▸ TRY IT
After locating the line that holds "Aucē notika Ebru", copy that line and all that follow it word for word through the end of the data, with no pictures.

▸ DATA SEGMENT

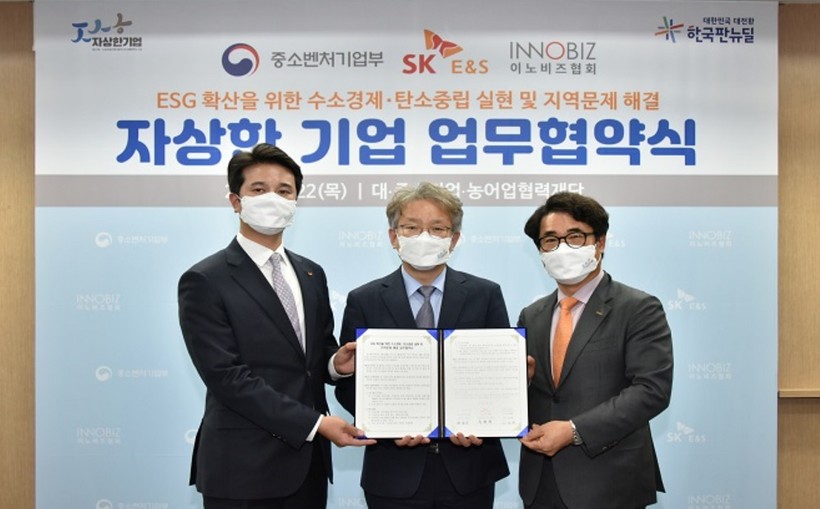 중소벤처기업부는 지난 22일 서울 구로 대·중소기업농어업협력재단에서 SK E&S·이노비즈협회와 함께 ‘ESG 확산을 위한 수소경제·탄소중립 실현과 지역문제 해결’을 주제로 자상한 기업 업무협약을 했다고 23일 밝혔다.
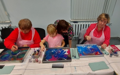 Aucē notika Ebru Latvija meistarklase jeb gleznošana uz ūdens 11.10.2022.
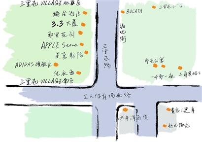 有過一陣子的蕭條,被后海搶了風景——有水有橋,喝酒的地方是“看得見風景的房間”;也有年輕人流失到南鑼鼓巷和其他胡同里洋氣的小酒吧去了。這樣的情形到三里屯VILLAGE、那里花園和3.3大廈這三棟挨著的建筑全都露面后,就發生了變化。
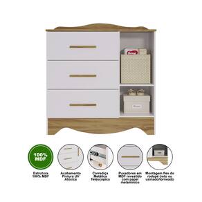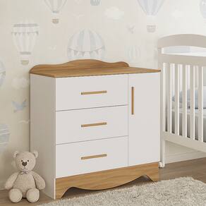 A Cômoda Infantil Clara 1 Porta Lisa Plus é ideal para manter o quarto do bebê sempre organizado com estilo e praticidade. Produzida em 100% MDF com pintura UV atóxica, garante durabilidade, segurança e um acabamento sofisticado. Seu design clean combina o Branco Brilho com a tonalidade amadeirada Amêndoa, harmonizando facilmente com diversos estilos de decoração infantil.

▸ RESULT OF THE TASK
 Aucē notika Ebru Latvija meistarklase jeb gleznošana uz ūdens 11.10.2022.
 有過一陣子的蕭條,被后海搶了風景——有水有橋,喝酒的地方是“看得見風景的房間”;也有年輕人流失到南鑼鼓巷和其他胡同里洋氣的小酒吧去了。這樣的情形到三里屯VILLAGE、那里花園和3.3大廈這三棟挨著的建筑全都露面后,就發生了變化。
 A Cômoda Infantil Clara 1 Porta Lisa Plus é ideal para manter o quarto do bebê sempre organizado com estilo e praticidade. Produzida em 100% MDF com pintura UV atóxica, garante durabilidade, segurança e um acabamento sofisticado. Seu design clean combina o Branco Brilho com a tonalidade amadeirada Amêndoa, harmonizando facilmente com diversos estilos de decoração infantil.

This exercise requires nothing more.